**ABOUT THIS EXERCISE:**
Of the entries below, return exactly those lines that fall between the one containing "Por este motivo, AMAZONE" and the one containing "3 plus bedroom", the two end lines included.

**GIVEN DATA:**
··········

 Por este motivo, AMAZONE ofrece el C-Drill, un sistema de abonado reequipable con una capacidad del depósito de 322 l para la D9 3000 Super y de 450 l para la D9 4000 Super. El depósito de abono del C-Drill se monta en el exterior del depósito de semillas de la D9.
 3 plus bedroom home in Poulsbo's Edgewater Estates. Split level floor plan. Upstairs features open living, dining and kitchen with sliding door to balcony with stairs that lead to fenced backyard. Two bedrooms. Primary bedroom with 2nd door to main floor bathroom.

··········

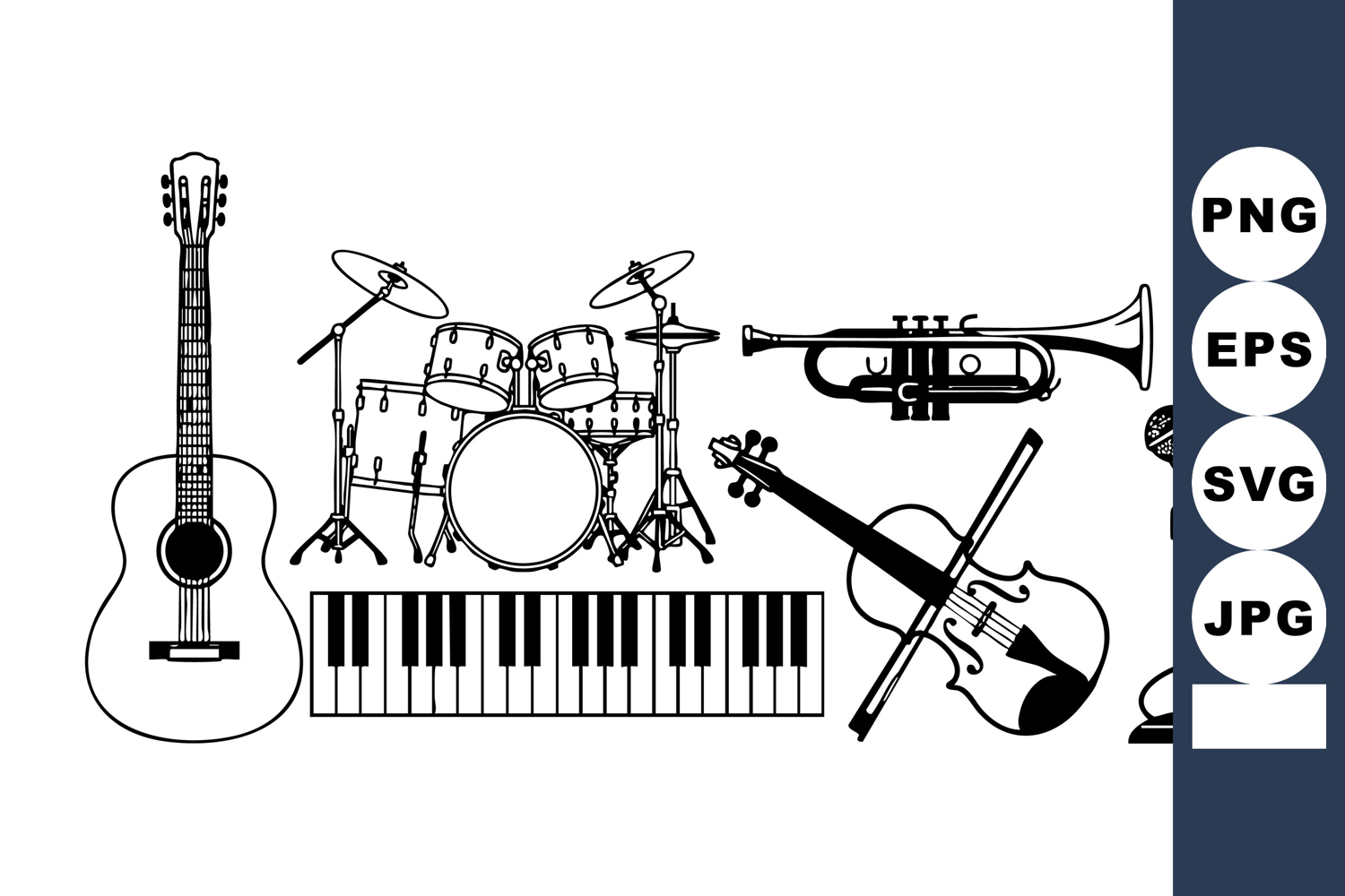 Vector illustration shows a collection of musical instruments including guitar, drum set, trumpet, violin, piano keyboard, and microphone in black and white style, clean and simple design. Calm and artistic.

··········

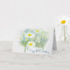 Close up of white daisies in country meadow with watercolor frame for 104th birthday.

··········

**RESULT:**
 Por este motivo, AMAZONE ofrece el C-Drill, un sistema de abonado reequipable con una capacidad del depósito de 322 l para la D9 3000 Super y de 450 l para la D9 4000 Super. El depósito de abono del C-Drill se monta en el exterior del depósito de semillas de la D9.
 3 plus bedroom home in Poulsbo's Edgewater Estates. Split level floor plan. Upstairs features open living, dining and kitchen with sliding door to balcony with stairs that lead to fenced backyard. Two bedrooms. Primary bedroom with 2nd door to main floor bathroom.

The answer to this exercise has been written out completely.